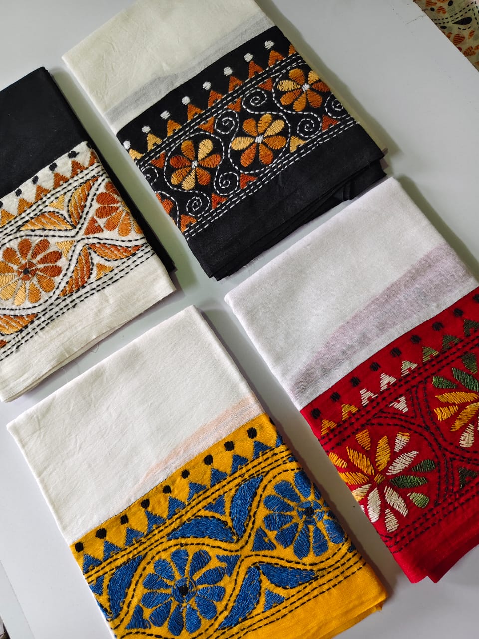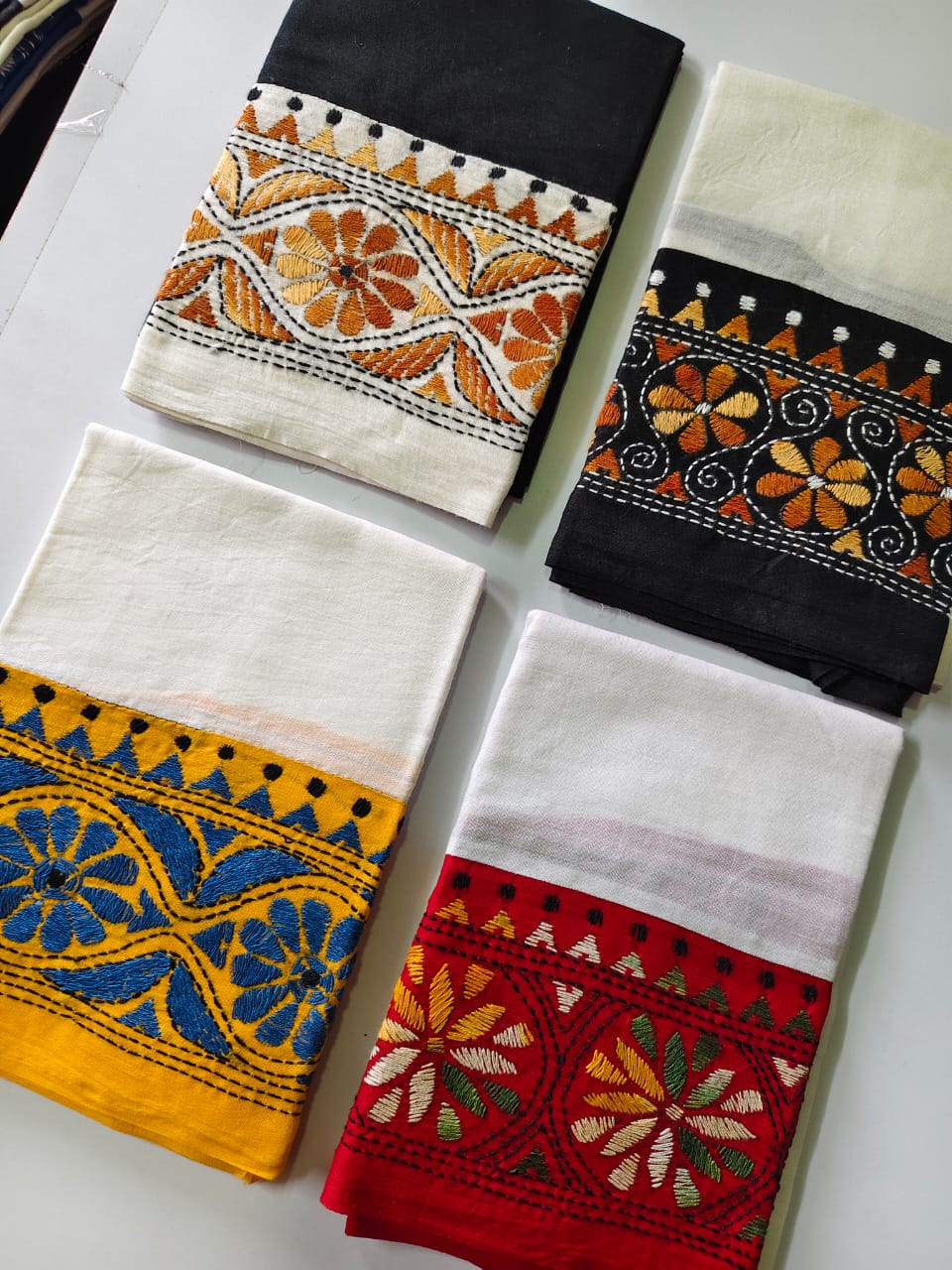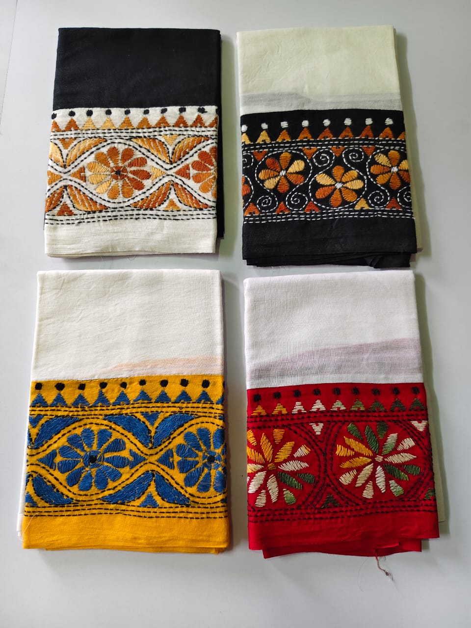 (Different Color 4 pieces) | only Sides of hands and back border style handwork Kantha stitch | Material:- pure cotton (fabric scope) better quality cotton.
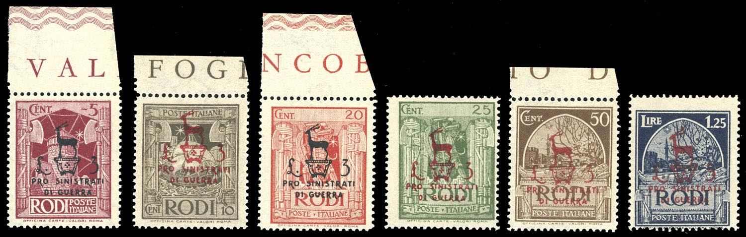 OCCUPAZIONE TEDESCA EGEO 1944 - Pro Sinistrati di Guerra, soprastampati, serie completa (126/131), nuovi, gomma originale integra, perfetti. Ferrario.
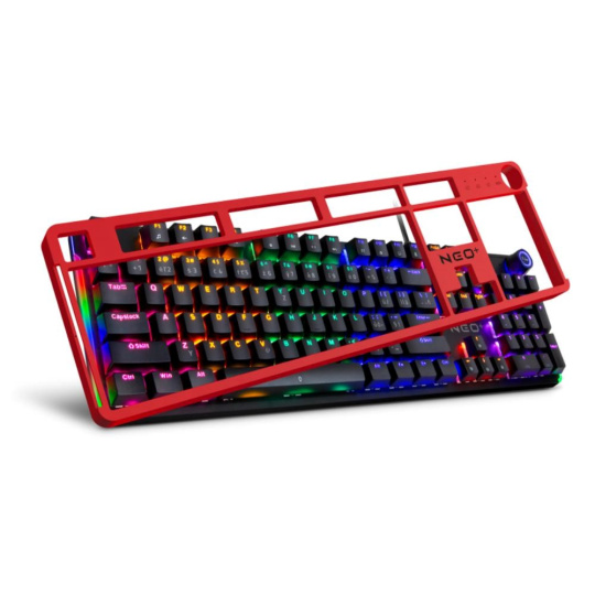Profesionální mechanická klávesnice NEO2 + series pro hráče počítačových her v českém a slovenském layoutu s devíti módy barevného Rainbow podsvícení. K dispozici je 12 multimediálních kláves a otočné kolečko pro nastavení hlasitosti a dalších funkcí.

REQUIRED WORK - Return every line of the listing exactly, leaving its pictures behind.

ANSWER BOX -
 (Different Color 4 pieces) | only Sides of hands and back border style handwork Kantha stitch | Material:- pure cotton (fabric scope) better quality cotton.
 OCCUPAZIONE TEDESCA EGEO 1944 - Pro Sinistrati di Guerra, soprastampati, serie completa (126/131), nuovi, gomma originale integra, perfetti. Ferrario.
Profesionální mechanická klávesnice NEO2 + series pro hráče počítačových her v českém a slovenském layoutu s devíti módy barevného Rainbow podsvícení. K dispozici je 12 multimediálních kláves a otočné kolečko pro nastavení hlasitosti a dalších funkcí.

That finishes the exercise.